Weekend: shared in hope, some of my favourite Iranian music videos
Some of the topics discussed in this week’s premium dailies:
Coming up this week: China’s political meetings, US jobs + activity, Merz in US
Monday mood: a turning point
Markets: the reaction
Macro: PPI
Crypto in Iran
Markets: the shrug
Markets: BTC and liquidity
Stablecoin liquidity: the risk to banks
Bitcoin adoption
Markets: a momentum shift?
Kraken, the Fed and the new payments landscape
Stablecoin payments: some surprising details
Macro: US jobs
Macro: US services activity
CBDCs: an update - US, EU, China, India, Japan
Markets: slippery oil
Macro: US jobs, ouch
Kraken, the Fed and the new payments landscape
This past week, we saw yet another seemingly tentative regulatory move that masks a huge step towards a new financial system:
Kraken Financial, a Wyoming-chartered bank owned by crypto platform Kraken, has been granted the first Federal Reserve master account awarded to a digital asset bank.

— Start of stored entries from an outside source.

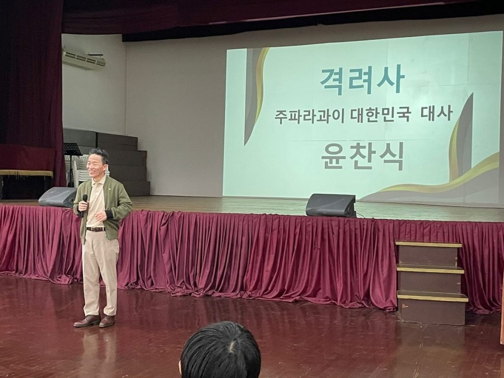 윤 대사는 격려사를 통해 한글학교 교사진 및 학생들에게 주인의식을 갖고 한국인으로서의 자부심을 잊지 말 것을 격려했습니다.
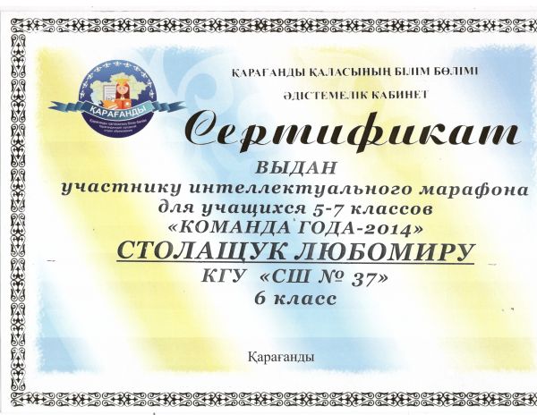 19 апреля учащиеся Основной школы №37 Столащук Любомир (6 класс), Жексембаева Дана (5 класс) и Федоров Роман (7класс) приняли участие в интеллектуальном марафоне "Команда года".
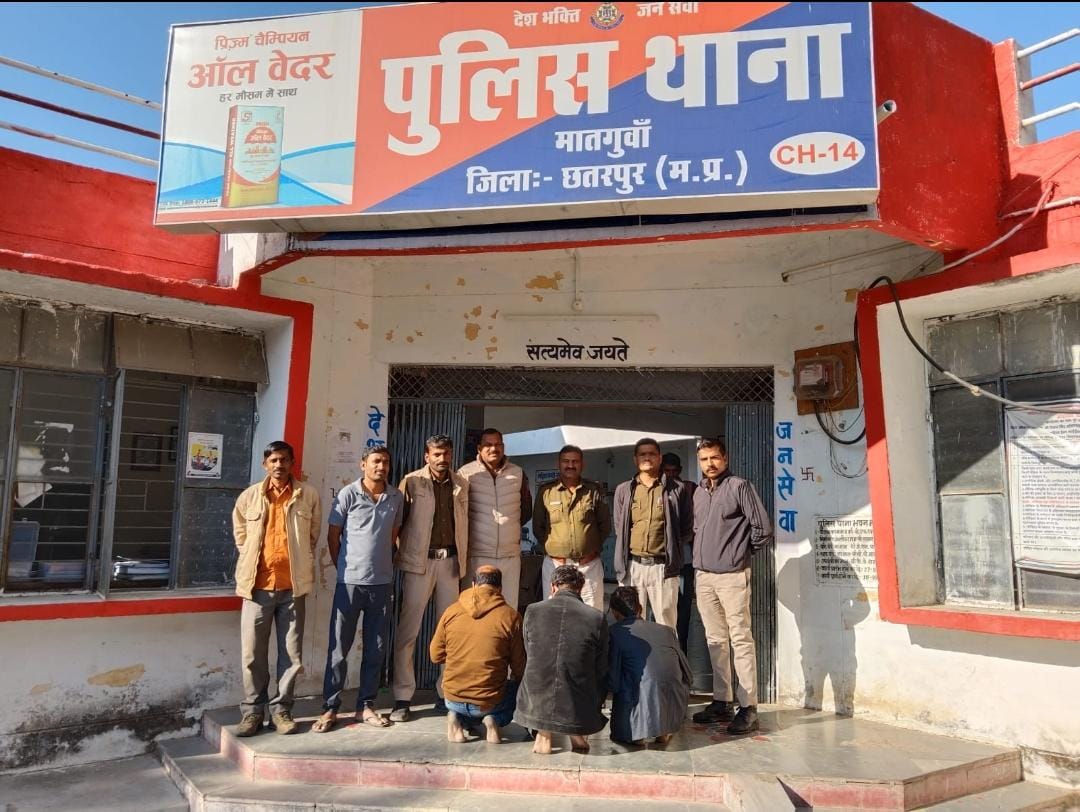 अवैध मादक पदार्थ बेचने हेतु तस्करी कर रहे 3 आरोपी रोहित तिवारी पिता कमलाकांत तिवारी निवासी बिलगांव थाना बिसंडा जिला बांदा उत्तर प्रदेश, छोटू उर्फ प्रभाकर नागायच पिता राम प्रकाश निवासी मकरबइ जिला महोबा उत्तर प्रदेश, राम जी तिवारी पिता केशव नारायण तिवारी निवासी सीताराम कॉलोनी छतरपुर के विरुद्ध थाना मातगुंवा में एनडीपीएस एक्ट के तहत अपराध पंजीबद्ध किया गया।
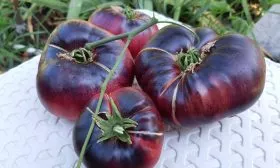 Для немедленного употребления в пищу дожидаются полного созревания на кусте, когда плод приобретает равномерную пурпурно-бордовую окраску с темными полосами и выраженной антоциановой «шапочкой». Срезать томаты рекомендуется секатором или острыми ножницами вместе с плодоножкой, чтобы не повредить кожицу и не создать ворота для инфекции.

This will enable it to hold reserves at the US central bank and connect directly to core US payment rails without relying on intermediary banks.
The move is temporary for now, granted for a period of one year, and comes with limitations: Kraken can’t earn interest on its Fed balance, nor will it get access to daylight overdraft privileges and overnight borrowing.
The big deal here is that Kraken gets access to bank-quality payment rails with the ultimate security of a central bank backstop, without being a traditional deposit-taking bank. Higher security means cheaper pools of settlement liquidity for stablecoin transfers.
Stepping back, this raises the question of why banks have monopolized top-level payment rails for so long. An obvious answer is that banks are where money is held, so it follows they would originate most payments.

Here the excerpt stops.